Secondary indexes
Using indexes enhances database performance by enabling the database server to find rows faster. You can create, drop, and list indexes, as well as use indexes on expressions.
Indexes are created in the following format:
CREATE INDEX idx_name ON table_name
((columns), columns) INCLUDE (columns)
-- [SHARDING] [CLUSTERING] [COVERING]
The columns that are specified in the CREATE INDEX statement are of three kinds:
- Sharding - Columns that determine how the index data is distributed.
- Clustering - Optional columns that determine how index rows that match the same sharding key are ordered.
- Covering - Optional columns that are stored in the index to avoid a trip to the table.
Setup
The examples run on any YugabyteDB universe.
Set up a local cluster
If a local universe is currently running, first destroy it.
Start a local one-node universe with an RF of 1
by first creating a single node, as follows:
./bin/yugabyted start \
--advertise_address=127.0.0.1 \
--base_dir=${HOME}/var/node1 \
--cloud_location=aws.us-east-2.us-east-2a
After starting the yugabyted processes on all the nodes, configure the data placement constraint of the universe, as follows:
./bin/yugabyted configure data_placement --base_dir=${HOME}/var/node1 --fault_tolerance=zone
This command can be executed on any node where you already started YugabyteDB.
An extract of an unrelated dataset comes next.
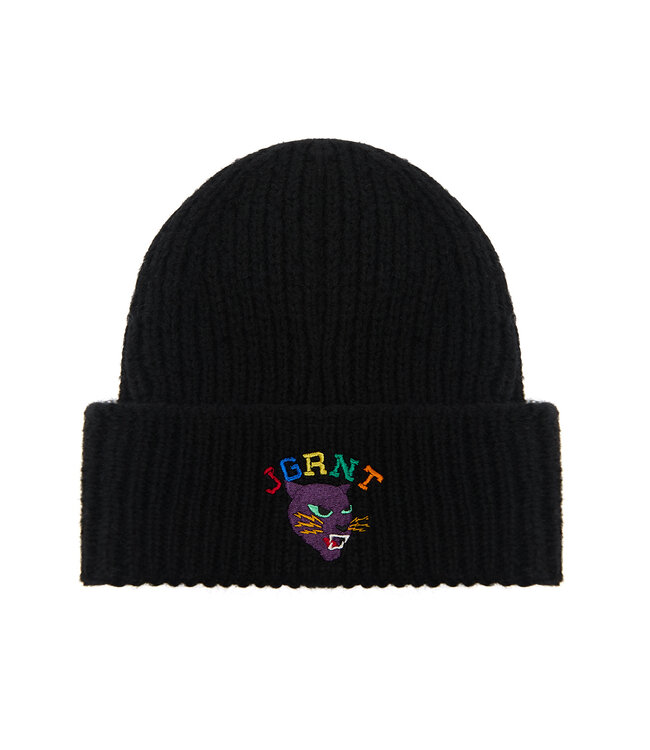 Jugrnaut Mohair wool blend beanie in black with embroidered details
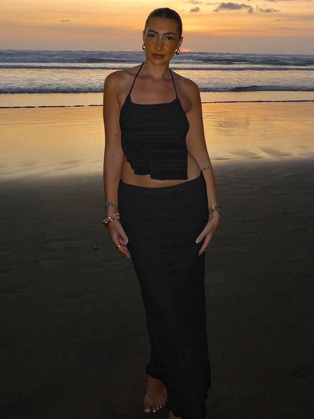 Découvrez l'équilibre parfait entre matière, coupe et fonctionnalité avec Cocolii tenue ensemble avec longue jupe mousseline dos nu licou sans manches débardeur robe femme bohème décontracté deux pièces | KONF.

To check the status of a running multi-node universe, run the following command:
./bin/yugabyted status --base_dir=${HOME}/var/node1
Setup
To set up a universe, refer to Set up a YugabyteDB Anywhere universe.Setup
To set up a cluster, refer to Set up a YugabyteDB Aeon cluster.Create a census table as follows:
CREATE TABLE census(
id int,
name varchar(255),
age int,
zipcode int,
employed boolean,
PRIMARY KEY(id ASC)
);
Add some data to the table as follows.
INSERT INTO public.census ( id,name,age,zipcode,employed ) VALUES
(1,'Zachary',55,94085,True), (2,'James',56,94085,False), (3,'Kimberly',50,94084,False),
(4,'Edward',56,94085,True), (5,'Barry',56,94084,False), (6,'Tyler',45,94084,False),
(7,'Nancy',47,94085,False), (8,'Sarah',52,94084,True), (9,'Nancy',59,94084,False),
(10,'Diane',51,94083,False), (11,'Ashley',42,94083,False), (12,'Jacqueline',58,94085,False),
(13,'Benjamin',49,94084,False), (14,'James',48,94083,False), (15,'Ann',43,94083,False),
(16,'Aimee',47,94085,True), (17,'Michael',49,94085,False), (18,'Rebecca',40,94085,False),
(19,'Kevin',45,94085,True), (20,'James',45,94084,False), (21,'Sandra',60,94085,False),
(22,'Kathleen',40,94085,True), (23,'William',42,94084,False), (24,'James',42,94083,False),
(25,'Tyler',50,94085,False), (26,'James',49,94085,True), (27,'Kathleen',55,94083,True),
(28,'Zachary',55,94083,True), (29,'Rebecca',41,94085,True), (30,'Jacqueline',49,94085,False),
(31,'Diane',48,94083,False), (32,'Sarah',53,94085,True), (33,'Rebecca',55,94083,True),
(34,'William',47,94085,False), (35,'William',60,94085,True), (36,'Sarah',53,94085,False),
(37,'Ashley',47,94084,True), (38,'Ashley',54,94084,False), (39,'Benjamin',42,94083,False),
(40,'Tyler',47,94085,True), (41,'Michael',42,94084,False), (42,'Diane',50,94084,False),
(43,'Nancy',51,94085,False), (44,'Rebecca',56,94085,False), (45,'Tyler',41,94085,True);
Simple index
You can create indexes using CREATE INDEX to speed up lookups on a singe column.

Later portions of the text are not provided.